Let's run another Analysis

In [12]:
key_tags_2 = {'tag': 'Analysis2'}
resultKey_2 = ResultKey(spark, ResultKey.current_milli_time(), key_tags_2)

In [17]:
analysisResult2 = AnalysisRunner(spark) \
                    .onData(df) \
                    .addAnalyzer(Size()) \
                    .addAnalyzer(Completeness("SRVC_ACCOUNT_ID")) \
                    .addAnalyzer(Maximum("FINANCED_AMT")) \
                    .addAnalyzer(CountDistinct("SRVC_ACCOUNT_ID")) \
                    .addAnalyzer(Mean("FINANCED_AMT")) \
                    .addAnalyzer(Compliance("CURRENT_LOAN_TERM", "CURRENT_LOAN_TERM between 10 and 100")) \
                    .addAnalyzer(Correlation("FINANCED_AMT", "ORIG_NOTE_AMT")) \
                    .addAnalyzer(Correlation("ORIG_NOTE_AMT", "PRIN_BALANCE_AMT")) \
                    .useRepository(repository) \
                    .saveOrAppendResult(resultKey_2) \
                    .run()
                    
analysisResult2_df = AnalyzerContext.successMetricsAsDataFrame(spark, analysisResult2)
analysisResult2_df.show()

+-----------+--------------------+-------------+------------------+
|     entity|            instance|         name|             value|
+-----------+--------------------+-------------+------------------+
|     Column|        FINANCED_AMT|      Maximum|         167721.63|
|     Column|        FINANCED_AMT|         Mean|27318.502986175696|
|Mutlicolumn|ORIG_NOTE_AMT,PRI...|  Correlation|0.8645646819614178|
|     Column|   CURRENT_LOAN_TERM|   Compliance|0.9999358501459409|
|     Column|     SRVC_ACCOUNT_ID|CountDistinct|           31177.0|
|    Dataset|                   *|         Size|           31177.0|
|     Column|     SRVC_ACCOUNT_ID| Completeness|               1.0|
|Mutlicolumn|FINANCED_AMT,ORIG...|  Correlation|               1.0|
+-----------+--------------------+-------------+------------------+



In [18]:
analysisResult_metRep_2 = repository.load() \
                            .before(ResultKey.current_milli_time()) \
                            .getSuccessMetricsAsDataFrame()

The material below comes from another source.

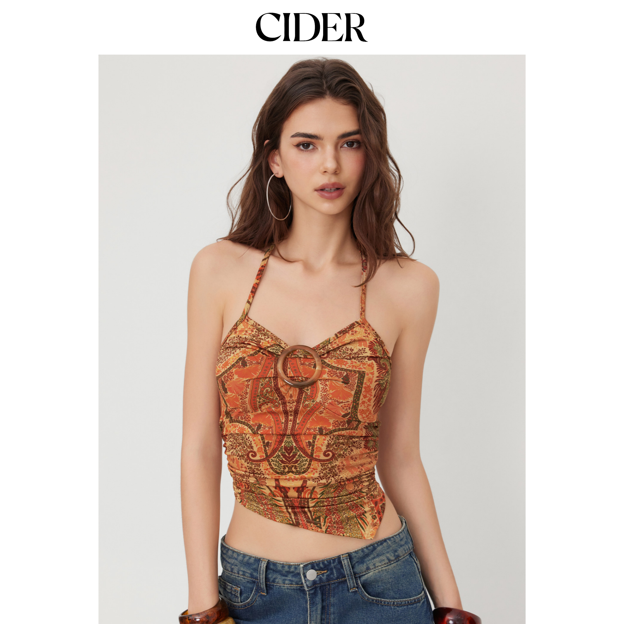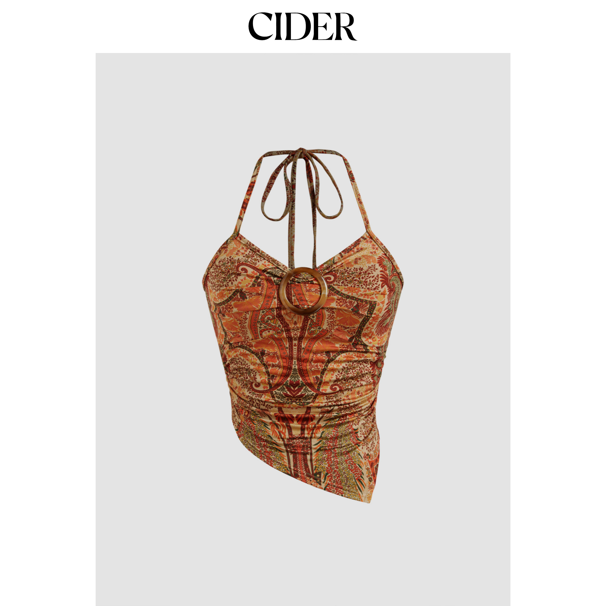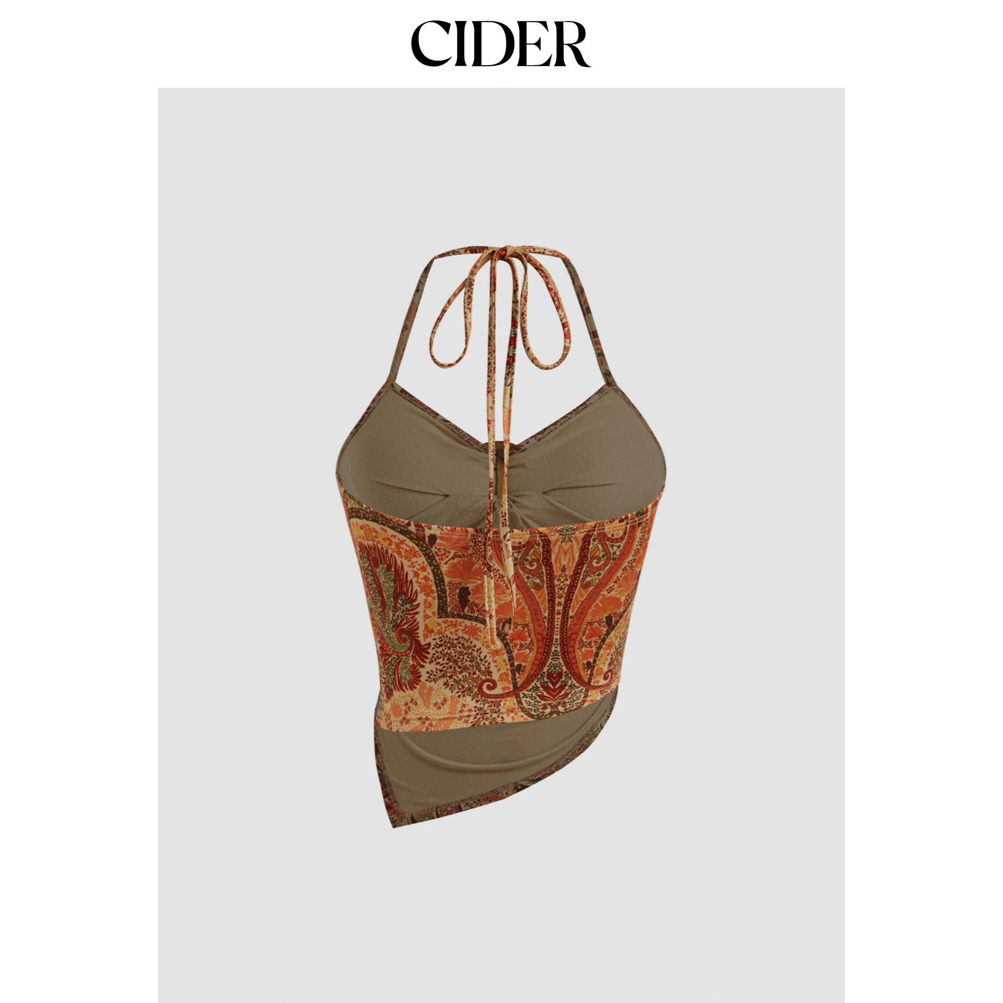 CIDER 挂脖碎花无袖背心下摆短款挂脖吊带上衣114530099

analysisResult_metRep_2.show(analysisResult_metRep_2.count(), False)

+-----------+------------------------------+-------------+------------------+-------------+---------+
|entity     |instance                      |name         |value             |dataset_date |tag      |
+-----------+------------------------------+-------------+------------------+-------------+---------+
|Column     |FINANCED_AMT                  |Maximum      |167721.63         |1611594746425|Analysis1|
|Column     |FINANCED_AMT                  |Mean         |27318.502986175696|1611594746425|Analysis1|
|Column     |ACCOUNT_NBR                   |Completeness |1.0               |1611594746425|Analysis1|
|Mutlicolumn|ORIG_NOTE_AMT,PRIN_BALANCE_AMT|Correlation  |0.8645646819614178|1611594746425|Analysis1|
|Column     |CURRENT_LOAN_TERM             |Compliance   |0.9999358501459409|1611594746425|Analysis1|
|Column     |ACCOUNT_NBR                   |CountDistinct|31177.0           |1611594746425|Analysis1|
|Column     |SRVC_ACCOUNT_ID               |CountDistinct|31177.0           |16115

We can see the differences in the dataset_date and tag column and filter our results

In [19]:
filtered_tags = repository.load() \
        .withTagValues(key_tags_2) \
        .getSuccessMetricsAsDataFrame()

filtered_tags.show(filtered_tags.count(), False)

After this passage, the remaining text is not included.